▼

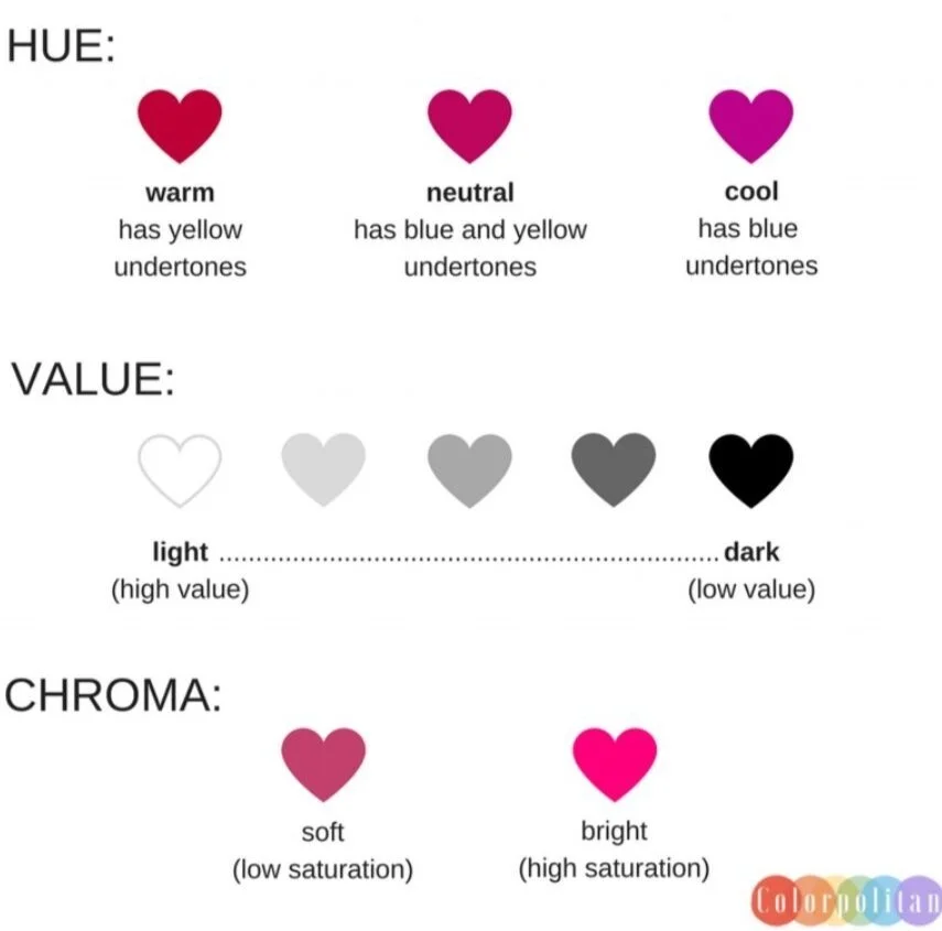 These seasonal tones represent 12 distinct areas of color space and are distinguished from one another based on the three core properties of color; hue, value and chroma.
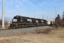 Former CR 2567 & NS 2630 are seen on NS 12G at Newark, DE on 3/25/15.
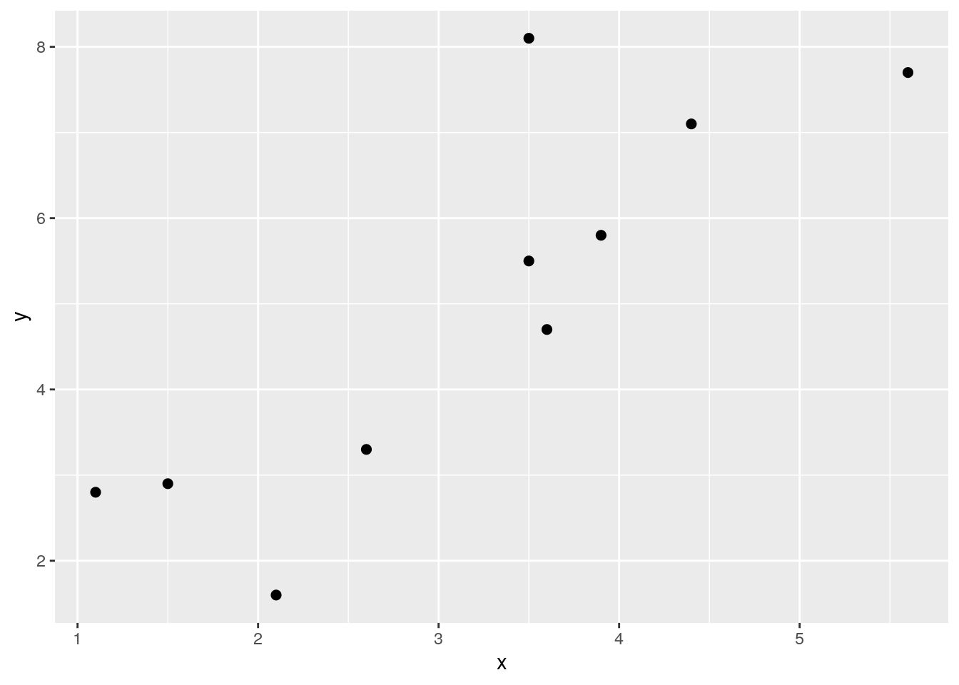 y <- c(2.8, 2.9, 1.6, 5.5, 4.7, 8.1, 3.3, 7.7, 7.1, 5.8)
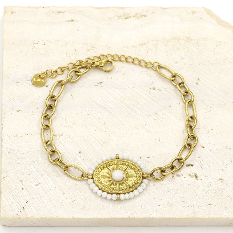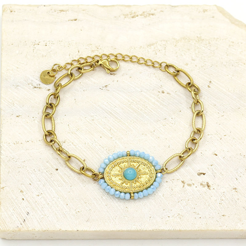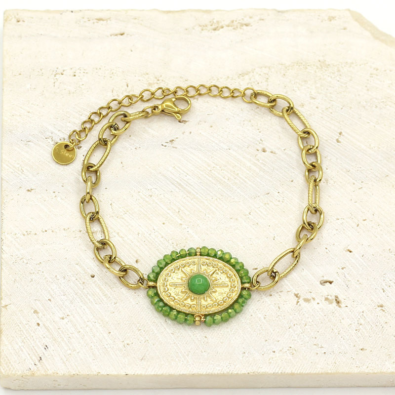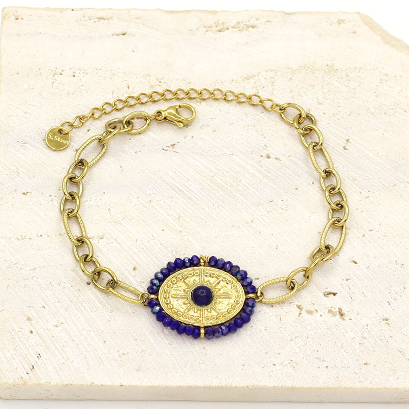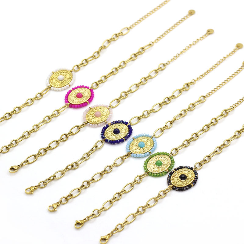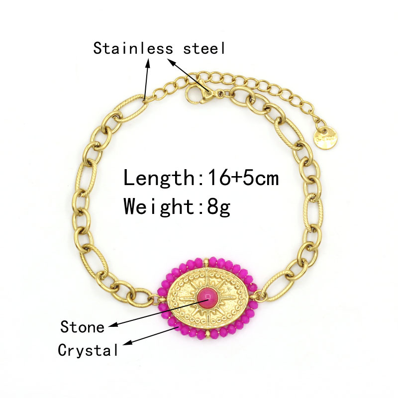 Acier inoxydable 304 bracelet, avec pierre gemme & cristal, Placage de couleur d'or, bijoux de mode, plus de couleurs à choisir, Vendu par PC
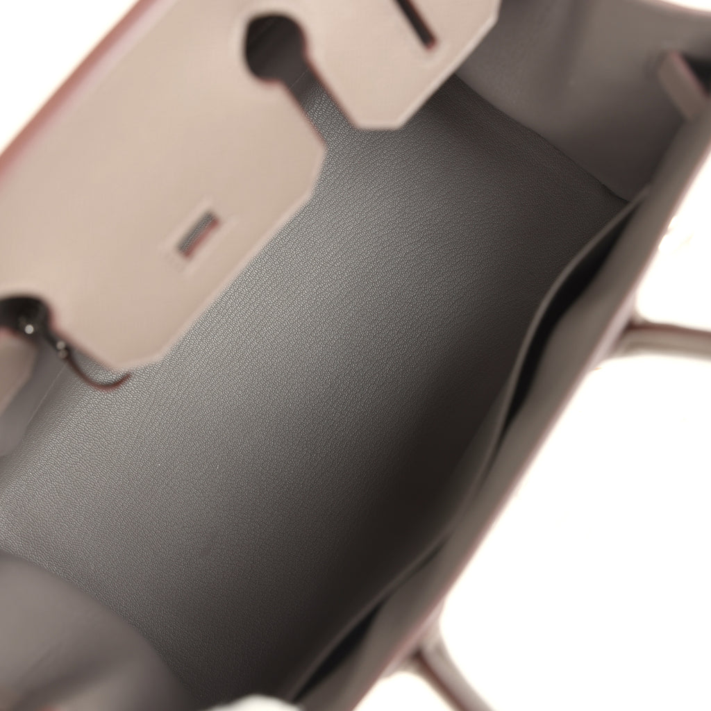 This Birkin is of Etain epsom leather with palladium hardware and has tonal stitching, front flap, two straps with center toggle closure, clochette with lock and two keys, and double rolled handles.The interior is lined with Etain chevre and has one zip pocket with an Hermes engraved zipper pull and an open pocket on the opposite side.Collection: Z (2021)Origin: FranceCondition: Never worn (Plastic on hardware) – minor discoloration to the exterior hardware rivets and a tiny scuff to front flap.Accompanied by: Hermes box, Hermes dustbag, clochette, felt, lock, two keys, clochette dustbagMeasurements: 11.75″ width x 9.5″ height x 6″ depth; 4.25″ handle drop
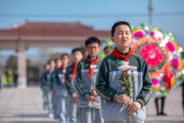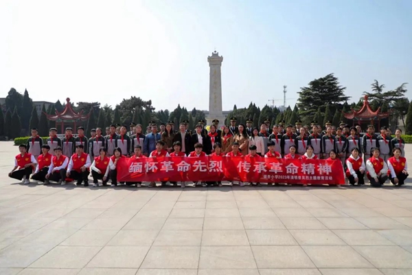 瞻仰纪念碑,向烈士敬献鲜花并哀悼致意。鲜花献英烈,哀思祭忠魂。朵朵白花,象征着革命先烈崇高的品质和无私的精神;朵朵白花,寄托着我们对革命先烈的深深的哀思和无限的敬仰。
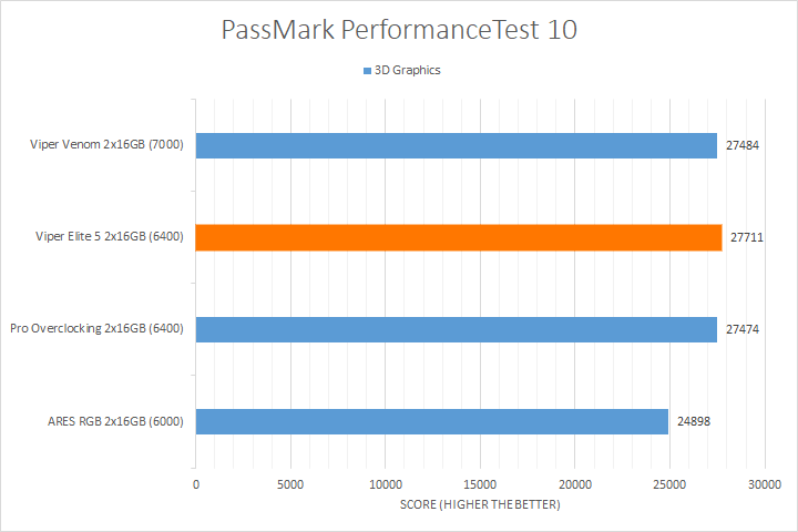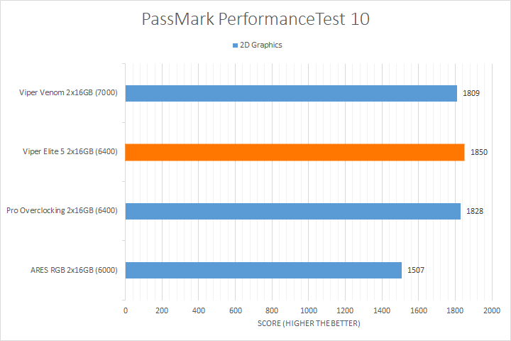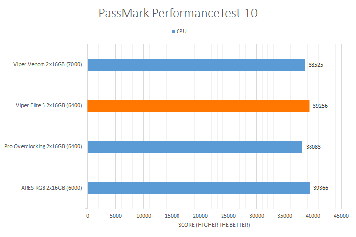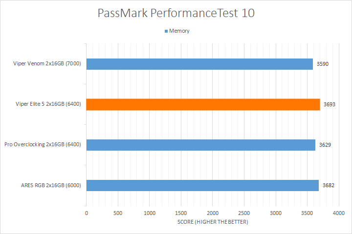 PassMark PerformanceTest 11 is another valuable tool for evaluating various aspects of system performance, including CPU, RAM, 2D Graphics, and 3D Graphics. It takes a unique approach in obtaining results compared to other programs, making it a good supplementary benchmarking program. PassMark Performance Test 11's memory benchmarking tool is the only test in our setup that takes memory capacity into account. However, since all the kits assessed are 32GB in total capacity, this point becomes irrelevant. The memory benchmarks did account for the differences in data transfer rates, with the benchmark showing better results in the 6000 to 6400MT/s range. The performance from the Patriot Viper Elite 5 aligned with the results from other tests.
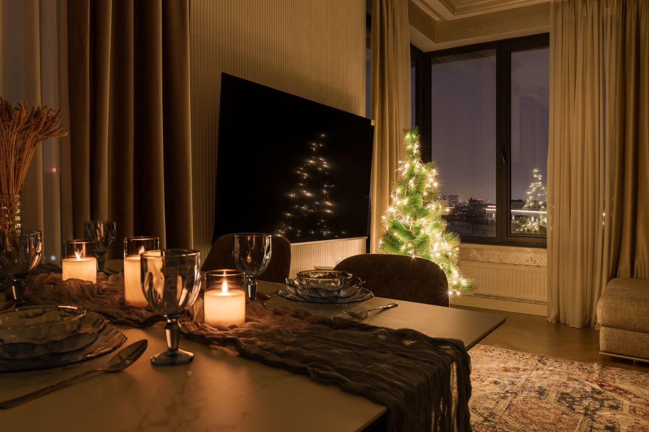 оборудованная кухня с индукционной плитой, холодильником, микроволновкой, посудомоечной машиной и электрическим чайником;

▲

Activity ▸ Write out each line of the data above exactly, starting at the top and finishing with the line containing "This Birkin is"; omit the pictures.

Result of this task ▸
 These seasonal tones represent 12 distinct areas of color space and are distinguished from one another based on the three core properties of color; hue, value and chroma.
 Former CR 2567 & NS 2630 are seen on NS 12G at Newark, DE on 3/25/15.
 y <- c(2.8, 2.9, 1.6, 5.5, 4.7, 8.1, 3.3, 7.7, 7.1, 5.8)
 Acier inoxydable 304 bracelet, avec pierre gemme & cristal, Placage de couleur d'or, bijoux de mode, plus de couleurs à choisir, Vendu par PC
 This Birkin is of Etain epsom leather with palladium hardware and has tonal stitching, front flap, two straps with center toggle closure, clochette with lock and two keys, and double rolled handles.The interior is lined with Etain chevre and has one zip pocket with an Hermes engraved zipper pull and an open pocket on the opposite side.Collection: Z (2021)Origin: FranceCondition: Never worn (Plastic on hardware) – minor discoloration to the exterior hardware rivets and a tiny scuff to front flap.Accompanied by: Hermes box, Hermes dustbag, clochette, felt, lock, two keys, clochette dustbagMeasurements: 11.75″ width x 9.5″ height x 6″ depth; 4.25″ handle drop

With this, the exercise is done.